Information provided —
◇ ◇ ◇ ◇ ◇

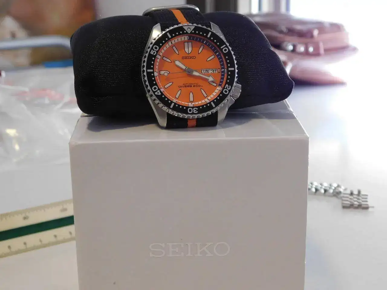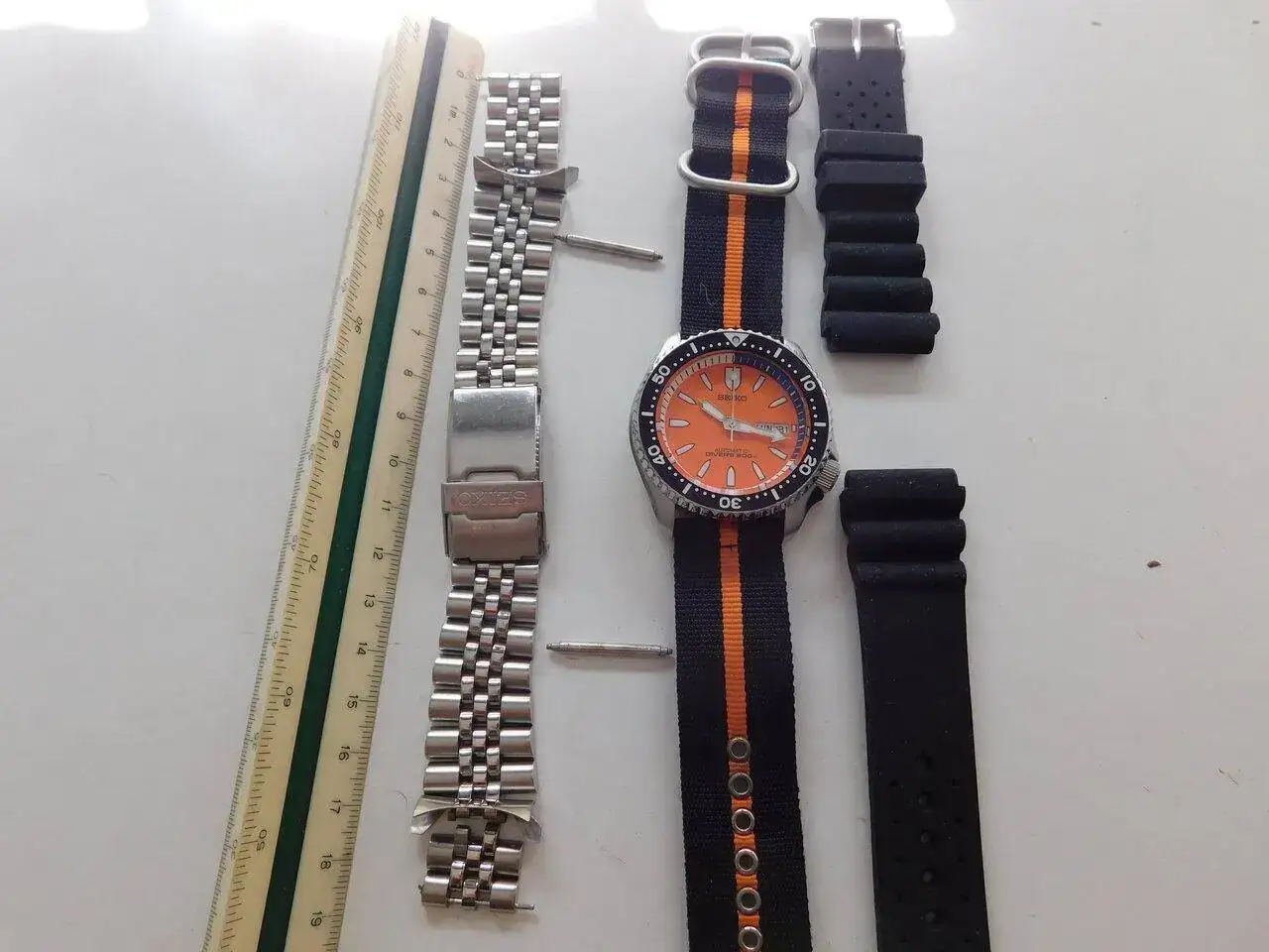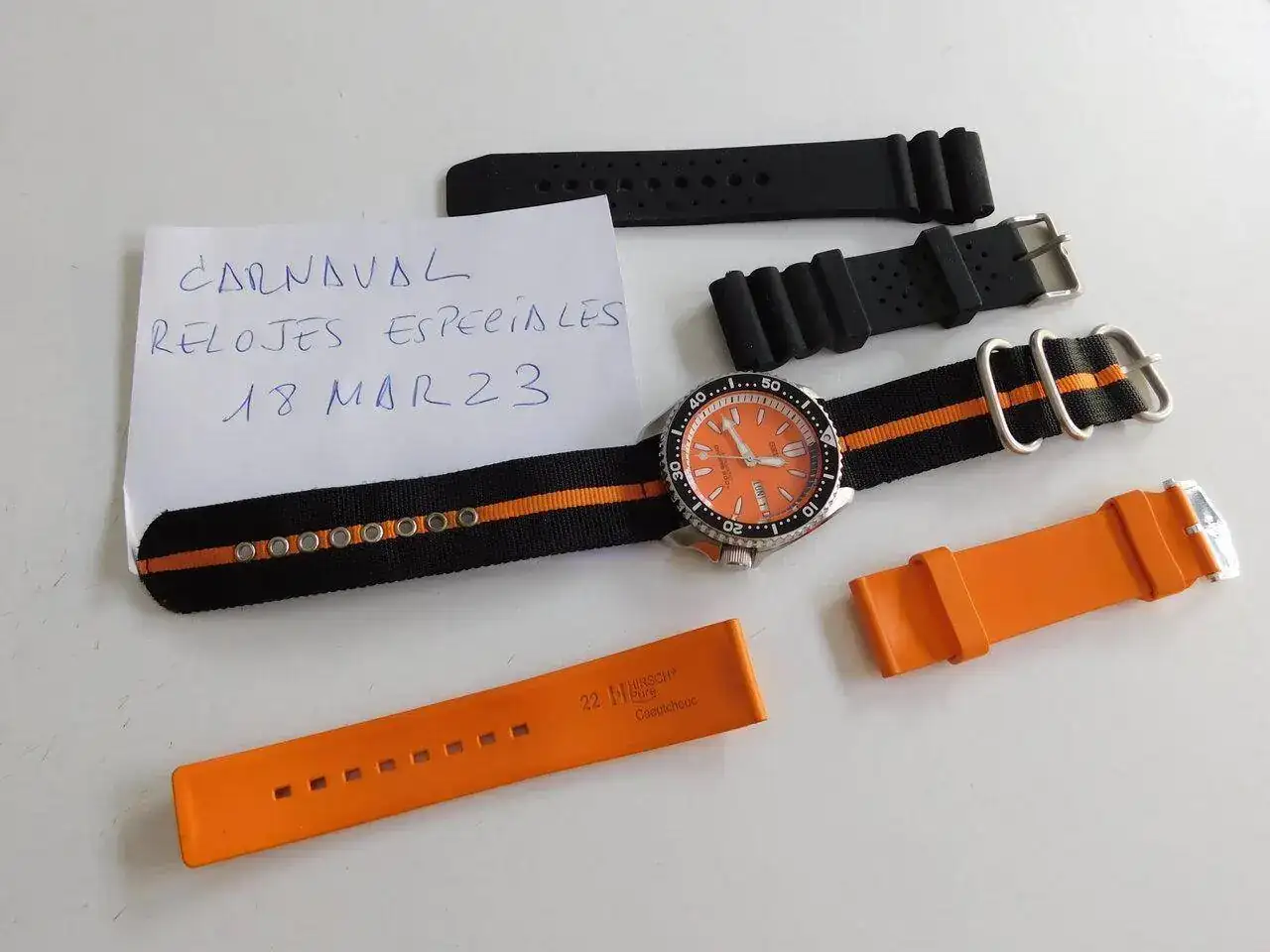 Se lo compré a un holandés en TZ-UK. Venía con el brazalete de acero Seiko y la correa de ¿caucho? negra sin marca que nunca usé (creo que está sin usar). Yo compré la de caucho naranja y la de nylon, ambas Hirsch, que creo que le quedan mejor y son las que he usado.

◇ ◇ ◇ ◇ ◇

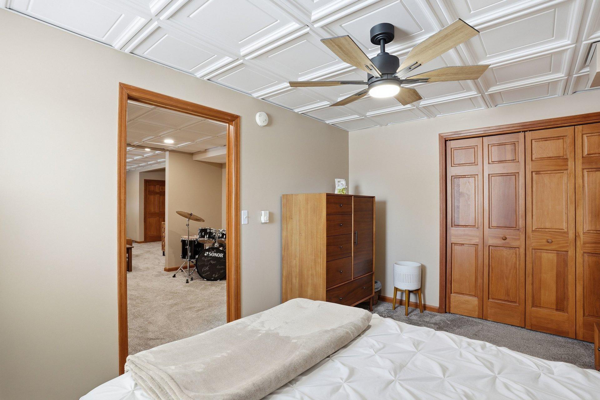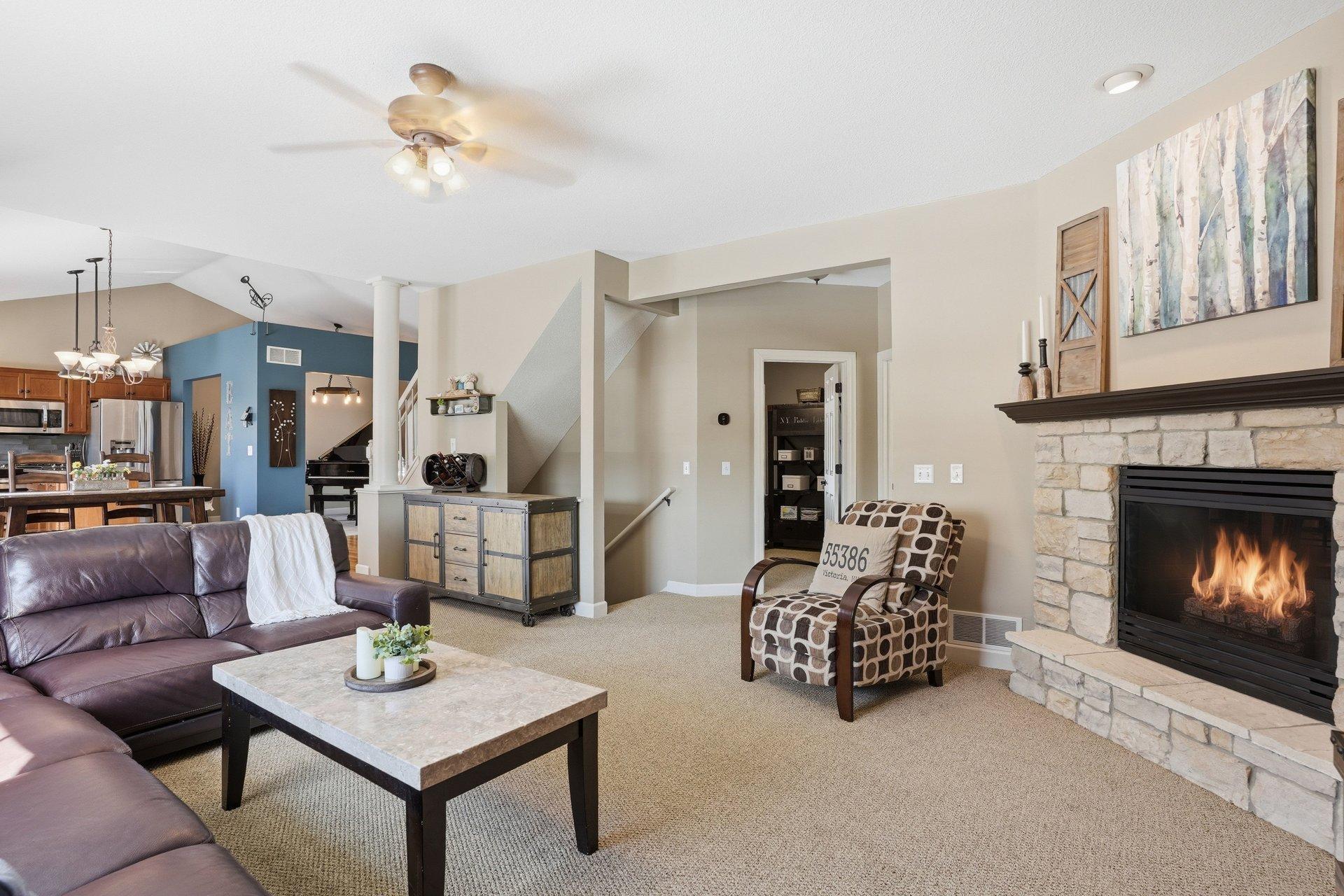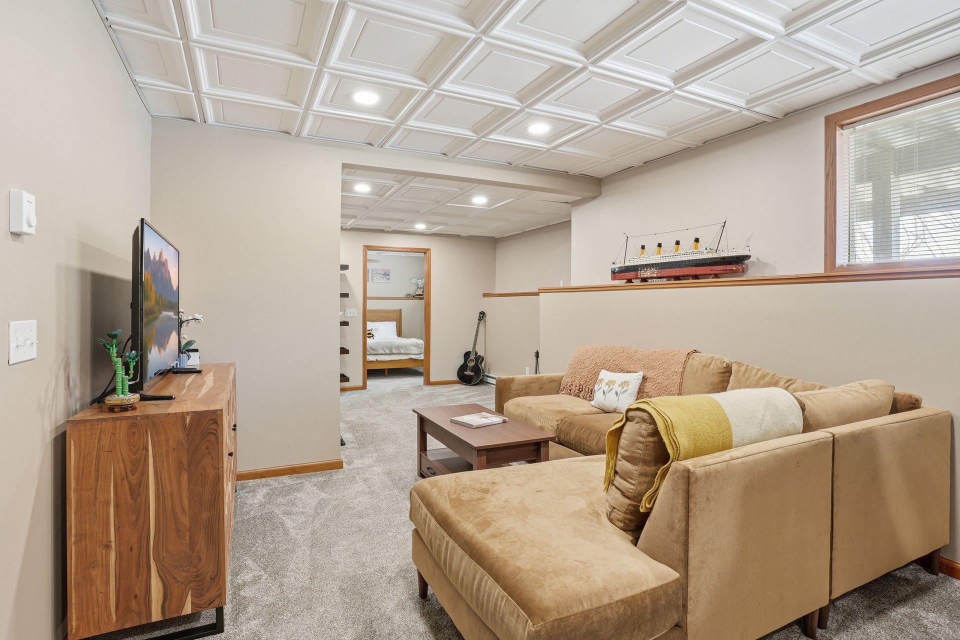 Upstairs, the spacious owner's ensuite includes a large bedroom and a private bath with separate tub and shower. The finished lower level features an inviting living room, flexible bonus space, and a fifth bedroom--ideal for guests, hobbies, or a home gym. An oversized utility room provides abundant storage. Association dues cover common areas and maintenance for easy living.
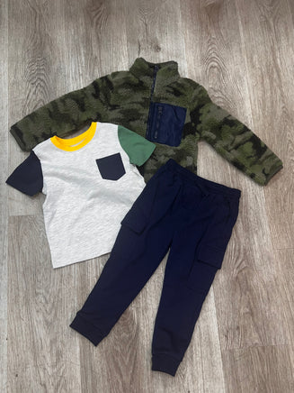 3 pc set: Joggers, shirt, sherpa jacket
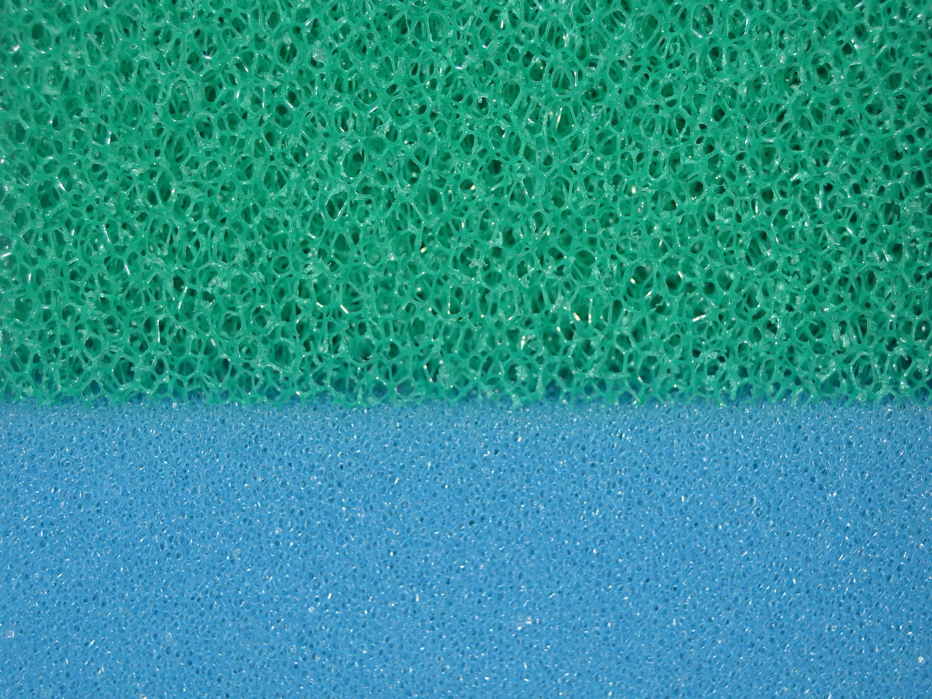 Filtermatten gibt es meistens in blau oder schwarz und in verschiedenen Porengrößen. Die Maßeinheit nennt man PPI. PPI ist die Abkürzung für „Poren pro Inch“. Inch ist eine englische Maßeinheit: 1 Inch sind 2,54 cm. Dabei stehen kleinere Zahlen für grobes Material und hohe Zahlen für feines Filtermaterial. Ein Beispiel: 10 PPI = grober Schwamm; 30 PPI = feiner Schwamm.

◇ ◇ ◇ ◇ ◇

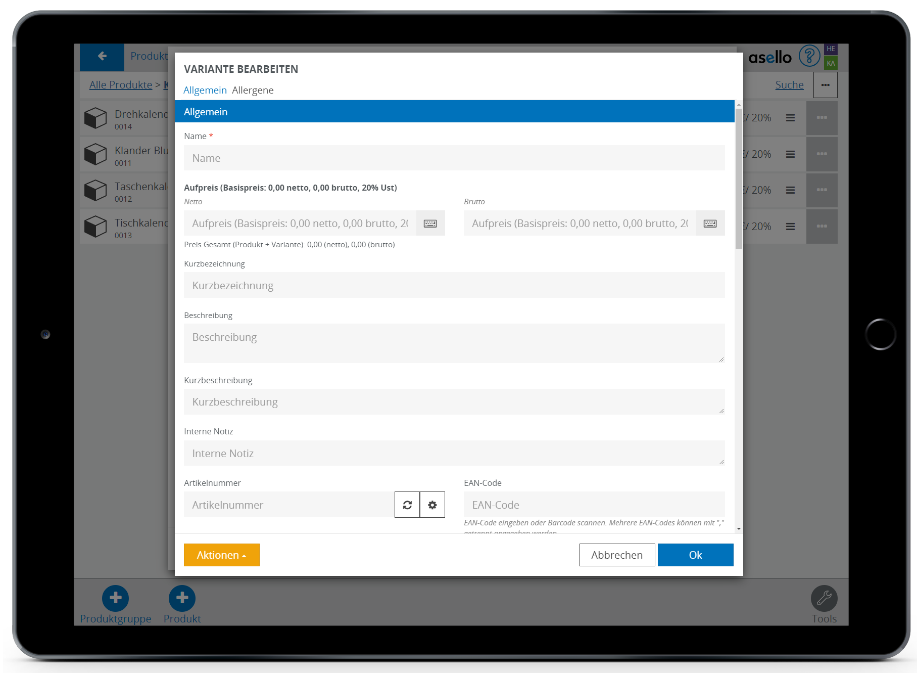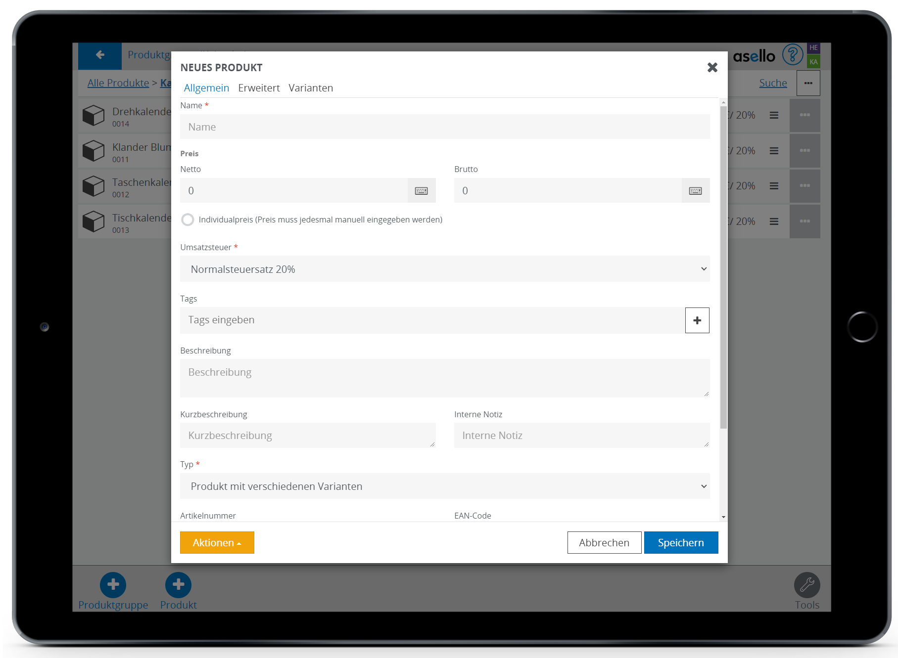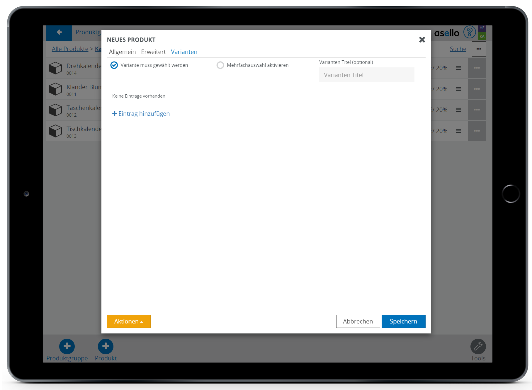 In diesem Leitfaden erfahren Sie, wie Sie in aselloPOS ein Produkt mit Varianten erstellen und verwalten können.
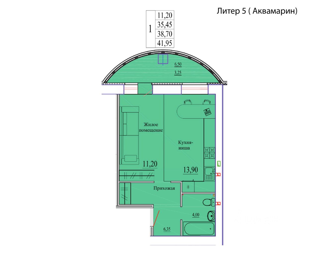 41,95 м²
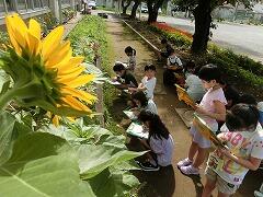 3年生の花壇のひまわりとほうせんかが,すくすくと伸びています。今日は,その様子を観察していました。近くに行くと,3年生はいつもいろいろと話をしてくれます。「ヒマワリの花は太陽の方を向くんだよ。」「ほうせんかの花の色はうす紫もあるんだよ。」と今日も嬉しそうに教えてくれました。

◇ ◇ ◇ ◇ ◇

Write back word for word every line in the entries above from the one with "In diesem Leitfaden" to the one with "3年生の花壇のひまわりとほう", ends included, and none of the pictures.

Result —
 In diesem Leitfaden erfahren Sie, wie Sie in aselloPOS ein Produkt mit Varianten erstellen und verwalten können.
 41,95 м²
 3年生の花壇のひまわりとほうせんかが,すくすくと伸びています。今日は,その様子を観察していました。近くに行くと,3年生はいつもいろいろと話をしてくれます。「ヒマワリの花は太陽の方を向くんだよ。」「ほうせんかの花の色はうす紫もあるんだよ。」と今日も嬉しそうに教えてくれました。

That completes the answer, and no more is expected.